# DISPATCHES data packages
## Introduction
### What is it?
A simple way to distribute and refer to data files that cannot be included directly in the DISPATCHES repository.
### Goals
- Provide a reliable way to access the location of data files from DISPATCHES client code, regardless of the specifics of how DISPATCHES is installed (editable vs non-editable installation, local development vs CI, etc)
- Leverage as much as possible the built-in Python package distribution infrastructure to distribute collections of related non-code-files of small to moderate size (< 100 MB compressed)

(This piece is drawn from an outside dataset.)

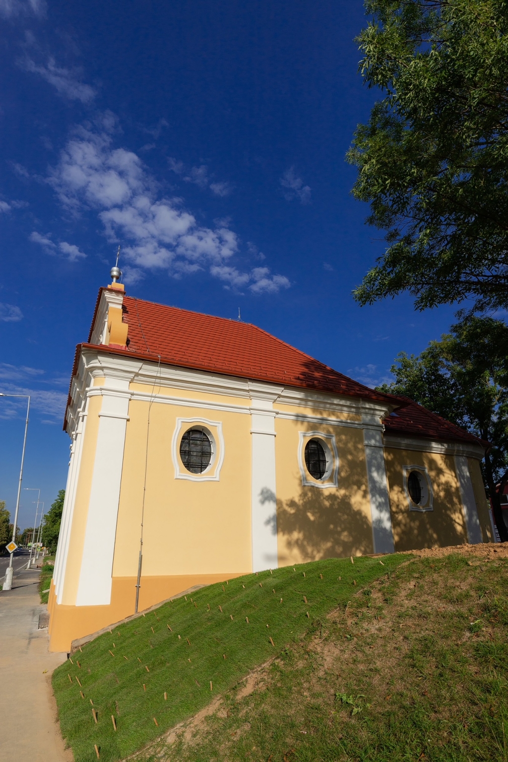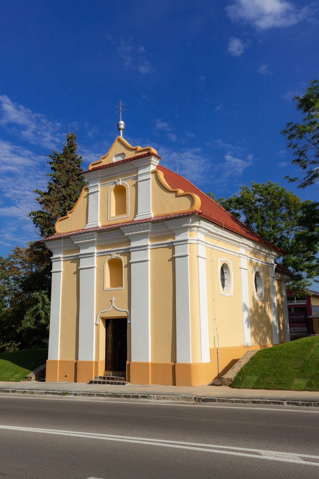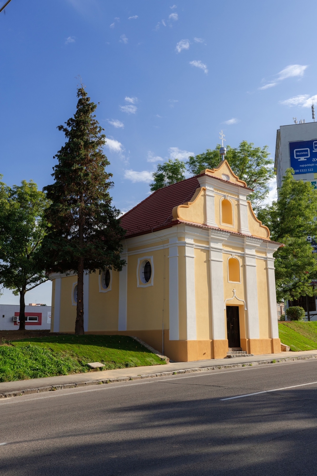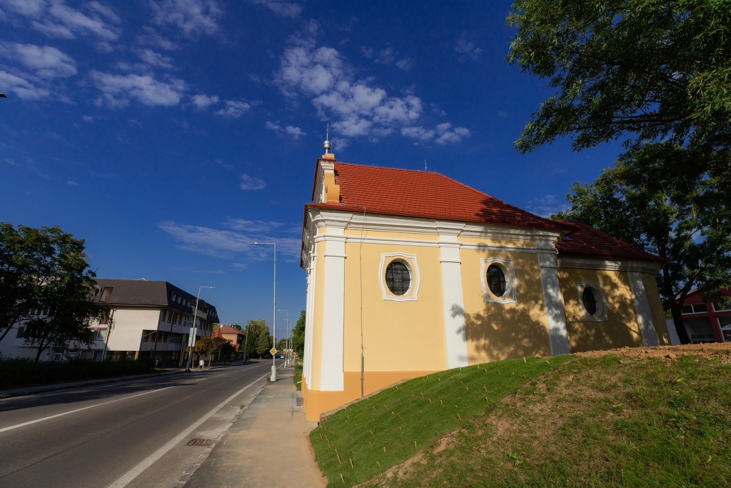 Samotná kaplnka bola postavená v barokovom slohu v roku 1750. Pod dohľadom Pamiatkového úradu sa teda v roku 2021 postupne pracovalo na jej vonkajšej obnove. Do zeme okolo kaplnky sa zaviedlo odvodnenie z rín sakrálnej nehnuteľnosti a okolo celého objektu sa postavil múr z lomového kameňa, ktorý pochádza z kameňolomu z Krnče (ďakujeme kameňolomu za sponzorské darovanie tohto kameňa). Múrom sa chcel zastabilizovať navozený kopec okolo kaplnky a posilniť tak aj statiku sakrálnej nehnuteľnosti, ktorú sa železnými tyčami musela miestami ešte spevňovať - hlavne v oblasti rotundového zadného polkruhu stavby. Následne sa pristúpilo k celkovej obnove fasády s dodržaním postupu prác a zachovania štýlu pôvodného ríms a sokla, ktorý sa na komplet celý muroval. Najhoršie časti fasády boli tie najvrchnejšie časti štítu priečelia, kde už omietka bola úplne zvetralá a odpadavala. Podľa reálneho zistenia, pri predchádzajúcej obnove sa táto najvrchnejšia časť vôbec neobnovovala. Na vynovenú fasádu sa následne použila veľmi kvalitná fasádna farba dodaná z Brna (Česká republika), ktorá sa používa na významné historické budovy, a ktorú sme inak používali tiež pre obnove dolnej časti fasády farského kostola (v roku 2018).

- Allow using multiple repositories/package distributions to be used in a seamless way, so that the size limits only apply to each data package independently
### Non-goals
- Manage the packaged data in any way beyond the file-system level
- i.e. the data package infrastructure only provide paths, which the client code uses to load the data in memory according to its specific needs
- Manage and/or expose metadata beyond the name of the package and the Python package distribution used to installed it
- Automatically enforce data distribution compliance requirements (LICENSE, COPYRIGHT, etc)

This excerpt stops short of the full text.